- Conference: Mid-American Conference
- East Division
- Record: 14–20 (7–9 MAC)
- Head coach: Reggie Witherspoon (14th season);
- Assistant coaches: Kevin Heck; Jim Kwitchoff; Turner Battle;
- Home arena: Alumni Arena

= 2012–13 Buffalo Bulls men's basketball team =

American college basketball season

The 2012–13 Buffalo Bulls men's basketball team represented the University at Buffalo, The State University of New York during the 2012–13 NCAA Division I men's basketball season.
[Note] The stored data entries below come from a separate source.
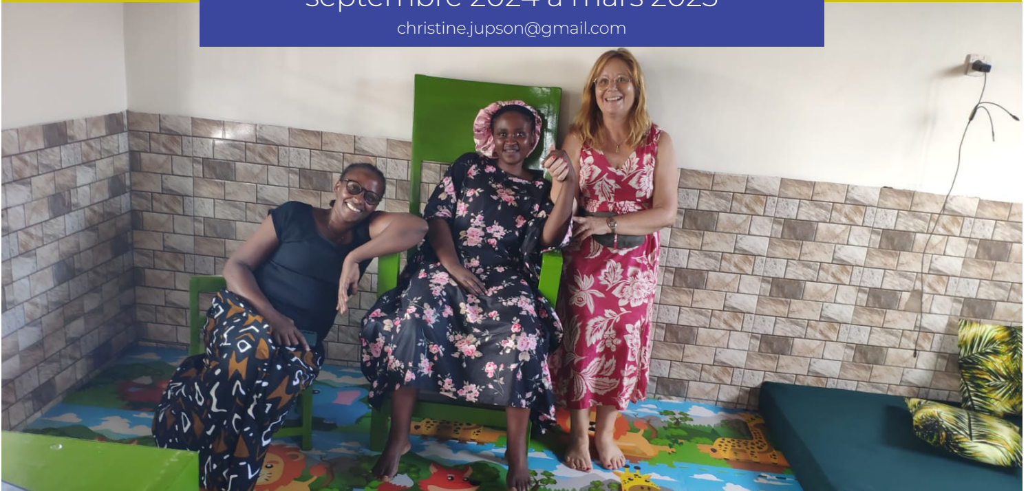
Moment de détente entre collègues lors de la finalisation de l'installation de la garderie.

L'association DM est active dans l'agroécologie, l'éducation et la théologie en Afrique, en Amérique latine, au Moyen-Orient, dans l'océan Indien et en Suisse.
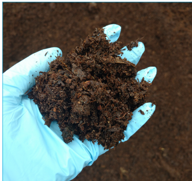
Figura 5 - Composto final (não peneirado).

na agroindústria, objetivando a caracterização e o acompanhamento do sistema de compostagem. Todas as informações foram registradas considerando o inventário da instalação, as máquinas e os equipamentos necessários para o funcionamento, além dos dados técnicos e econômicos de produção da unidade. Dessa forma, foi possível fazer a quantificação e a precificação de toda a unidade de compostagem, construindo o fluxo de caixa para analisar essa proposta de investimento.
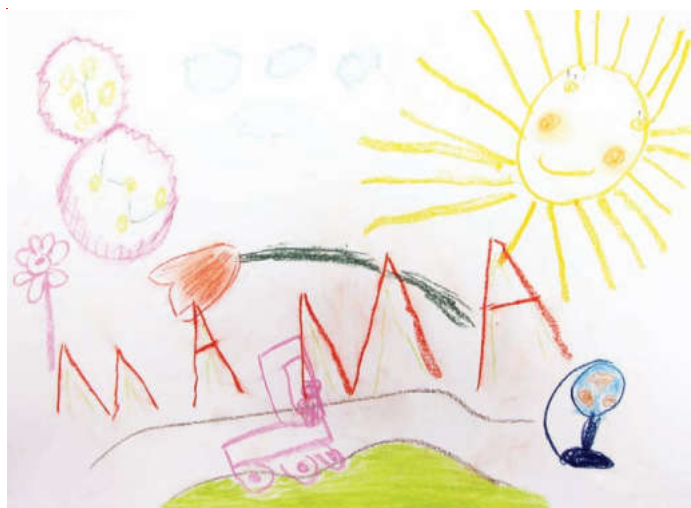
Даша Каманина, 4 года

Ответы на сканворд, опубликованный в № 7 от 1 марта 2014 г
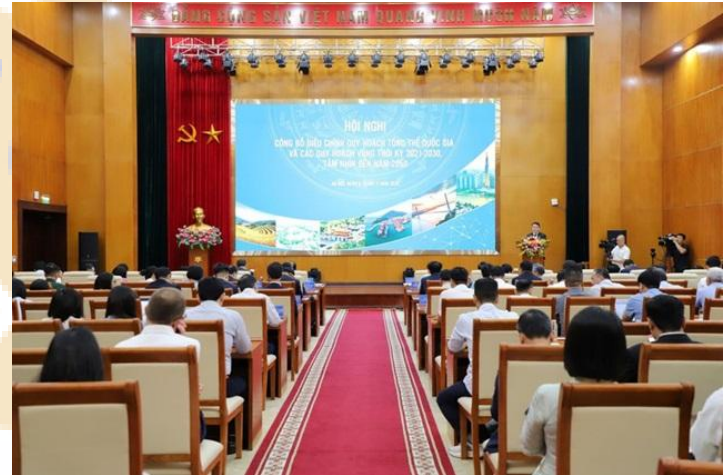
Hội nghị công bố điều chỉnh Quy hoạch tổng thể quốc gia và các quy hoạch vùng thời kỳ 2021-2030, tầm nhìn đến năm 2050

Thông tin mang tính tích cực về dài hạn khi quy hoạch mới cho thấy định hướng đẩy mạnh đầu tư hạ tầng, công nghiệp công nghệ cao và liên kết vùng rõ ràng hơn. Các nhóm hưởng lợi trực tiếp gồm xây dựng hạ tầng, khu công nghiệp, logistics, cảng biển và vật liệu xây dựng. Việc đặt mục tiêu tăng trưởng GDP trên 10% phản ánh định hướng thúc đẩy tăng trưởng mạnh hơn trong giai đoạn tới.
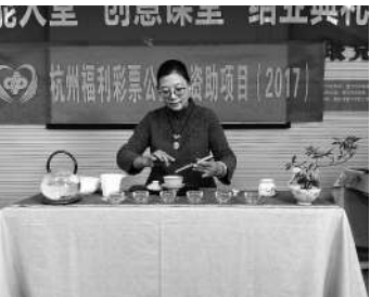
学员正在展示自己的茶艺。
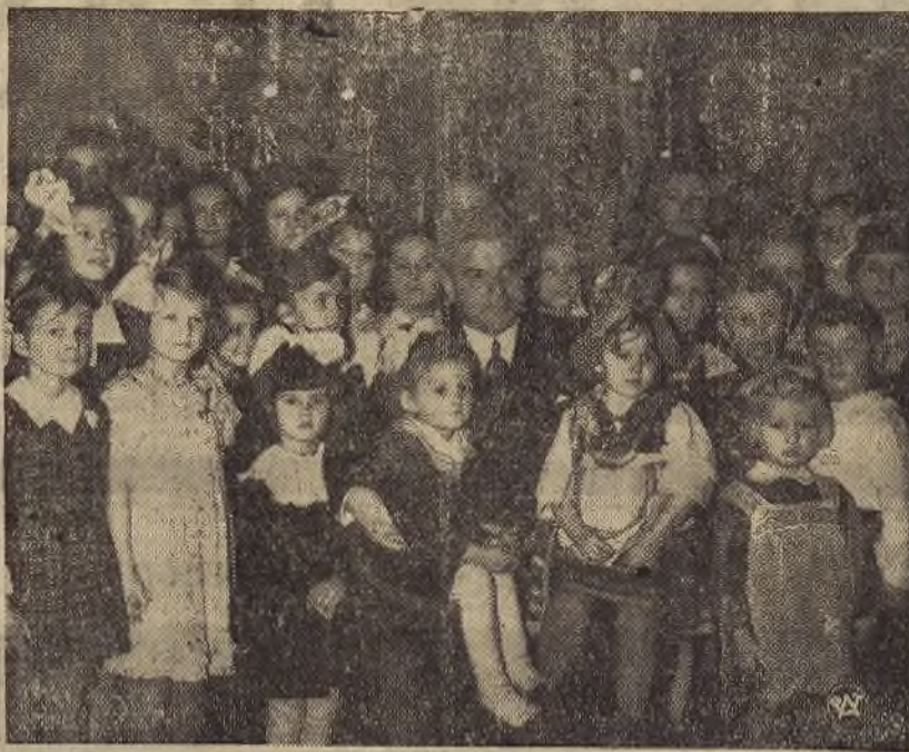
Minister Komunikacji płk. Ulrych, w otoczeniu rozbawionej dziatwy, podczas tradycyjnej choinki w Ministerstwie Komunikacji
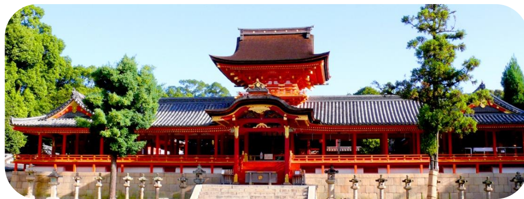
石清水八幡宮

The Bulls, led by 14th year head coach Reggie Witherspoon, played their home games at Alumni Arena and were members of the East Division of the Mid-American Conference. They finished the season 14–20, 7–9 in MAC play to finish in a tie for fourth place in the East Division. They advanced to the quarterfinals of the MAC tournament, where they lost to Kent State.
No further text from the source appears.